In recent days, there have been signs on the horizon of an impending blogwar. Prof-like Substance fired the first volley:
[A]lmost all major genomics centers are going to a zero-embargo data release policy. Essentially, once the sequencing is done and the annotation has been run, the data is on the web in a searchable and downloadable format.
Yikes.
How many other fields put their data directly on the web before those who produced it have the opportunity to analyze it? Now, obviously no one is going to yank a genome paper right out from under the group working on it, but what about comparative studies? What about searching out specific genes for multi-gene phylogenetics? Where is the line for what is permissible to use before the genome is published? How much of a grace period do people get with data that has gone public, but that they* paid for?
—–
*Obviously we are talking about grant-funded projects, so the money is tax payer money not any one person’s. Nevertheless, someone came up with the idea and got it funded, so there is some ownership there.

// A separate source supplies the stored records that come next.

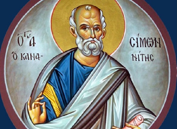 Ο Άγιος Απόστολος Σίμων ονομάσθηκε ζηλωτής, λόγω της θέρμης και του ζήλου με τον οποίο κήρυττε το λόγο του Ευαγγελίου. Καταγόταν από την Κανά της Γαλιλαίας και είναι γνωστός ως Σίμων ο Κανανίτης (ή Ναθαναήλ ή Βαρθολομαίος – υιός του Θολομαίου). Μετά την ανάληψη του Χριστού και τη χάρη της Πεντηκοστής, ο Σίμων επιδόθηκε σε ένα ευρύ ιεραποστολικό έργο. Δίδαξε το Ευαγγέλιο στην Περσία, όπου αφού γκρέμισε το μύθο της πολυθεΐας, φανέρωσε σε πλήθος κόσμου το φως της Ευαγγελικής αλήθειας. Στη συνέχεια μετέβη στην Αφρική, όπου κήρυξε το ζωογόνο Λόγο του αληθινού Θεού και Σωτήρος, από την Αίγυπτο έως τη Μαυριτανία. Ο τελευταίος τόπος της θαυμαστής ιεραποστολικής του δράσης ήταν η Βρετανία. Εκεί αφού δίδαξε στο λαό τη χριστιανική πίστη, συνελήφθη από τους ειδωλολάτρες βασανίστηκε και υπέστη σταυρικό θάνατο.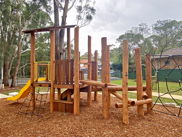 Playstructure made from a variety of timber species. Attached slide and climbing rope.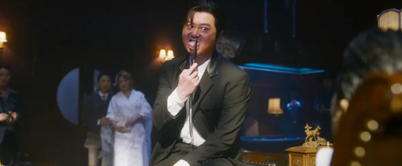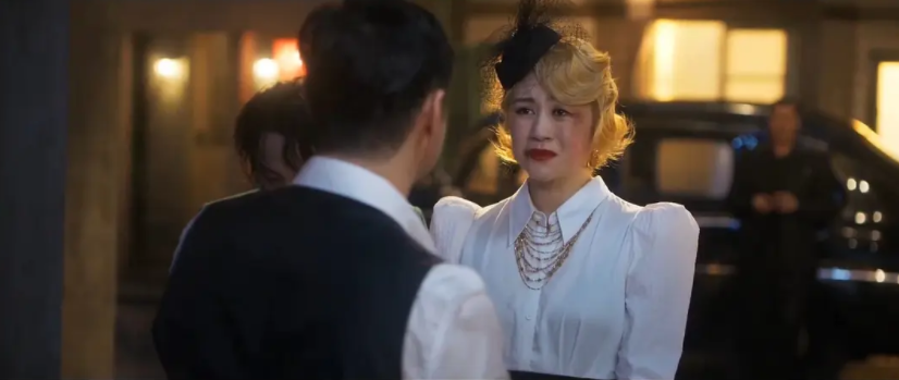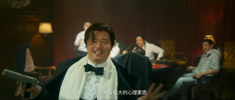 致敬《上海滩》:魏成功答应去见意大利人,模仿了许文强黑西装白围巾的造型。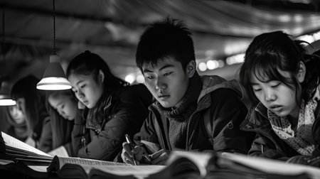 A student's desk brims with organized chaos, filled with scattered books and notes. Despite the clutter, a sense of order prevails, reflecting a busy, dedicated study space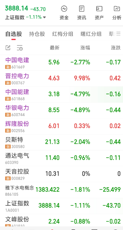 清仓晋控电力 盈利30个点 清仓中国电建盈利5个点 入中国能建本3.19 入华银电力本8.57 入辉隆股份本6.07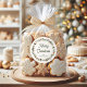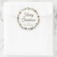 Festive Foliage Wreath, autocollant de vacances. Couleur beige douce arrière - plan et coordonnant le texte de couleur verte.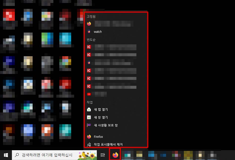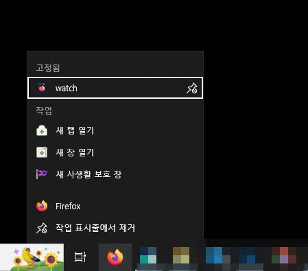 아까 있었던 작업표시줄에 있는 프로그램의 마우스 우클릭 시 최근에 연 항목은 물론 아무 항목도 뜨지 않습니다.

Then, Mike the Mad Biologist fired off this reply:
Several of the large centers, including the one I work at, are funded by NIAID to sequence microorganisms related to human health and disease (analogous programs for human biology are supported by NHGRI). There’s a reason why NIH is hard-assed about data release:
Funding agencies learned this the hard way, as too many early sequencing centers resembled ‘genomic roach motels’: DNA checks in, but sequence doesn’t check out.

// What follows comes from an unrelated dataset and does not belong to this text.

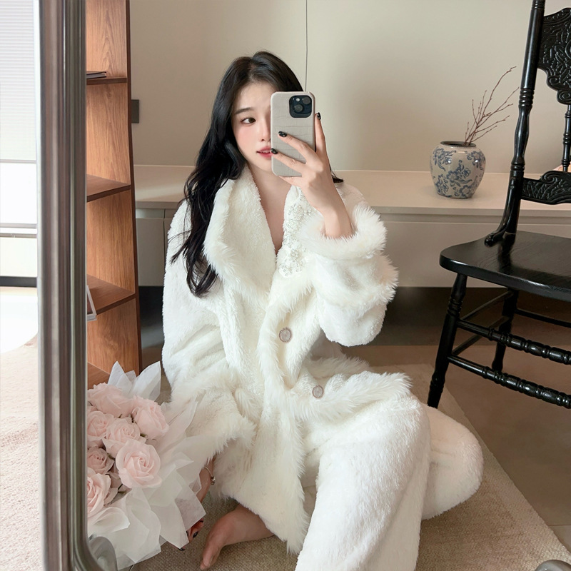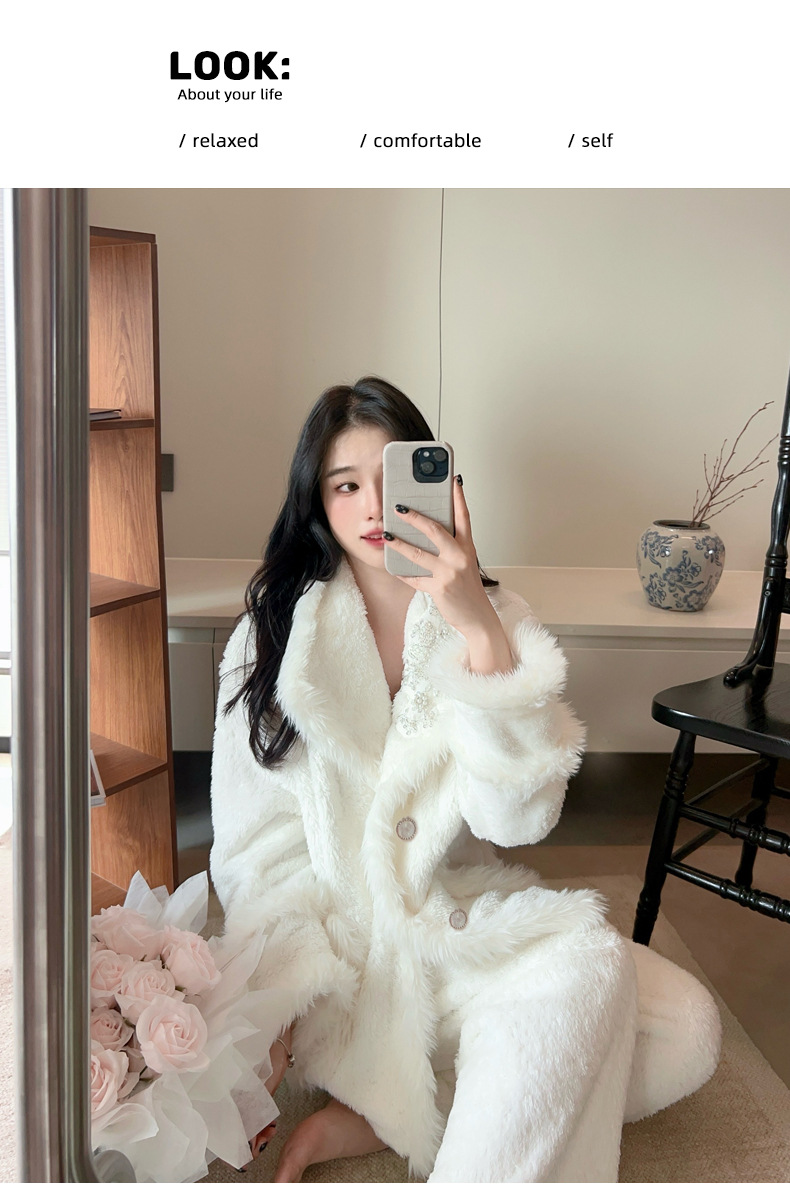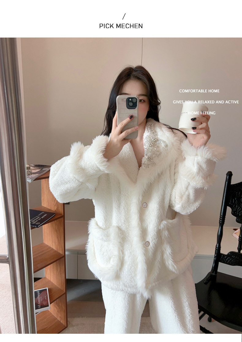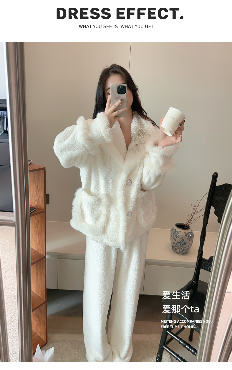 2024 새로운 산호 양털 잠옷 겨울 여성 국가 스타일 간단한 두꺼운 플란넬 가을과 겨울 홈 의류 세트

The funding agencies’ mission is to improve human health (or some other laudable goal), not to improve someone’s tenure package. This might seem harsh unless we remember how many of these center-based genome projects are funded. The investigator’s grant is not paying for the sequencing. In the case of NIAID, there is a white paper process. Before NIAID will approve the project, several goals have to be met in the white paper (Note: while I’m discussing NIAID, other agencies have a similar process, if different scientific objectives).
Obviously, the organism and collection of strains to be sequenced have to be relevant to human health. But the project also must have significant community input. NIAID absolutely does not want this to be an end-run around R01 grants. Consequently, these sequencing projects should not be a project that belongs to a single lab, and which lacks involvement by others in the subdiscipline (“this looks like an R01” is a pejorative). It also has to provide a community resource. In other words, data from a successful project should be used rapidly by other groups: that’s the whole point (otherwise, write an R01 proposal). The white paper should also contain a general description of the analysis goals of the project (and, ideally, who in the collaborative group will address them). If you get ‘scooped’, that’s, in part, a project planning issue.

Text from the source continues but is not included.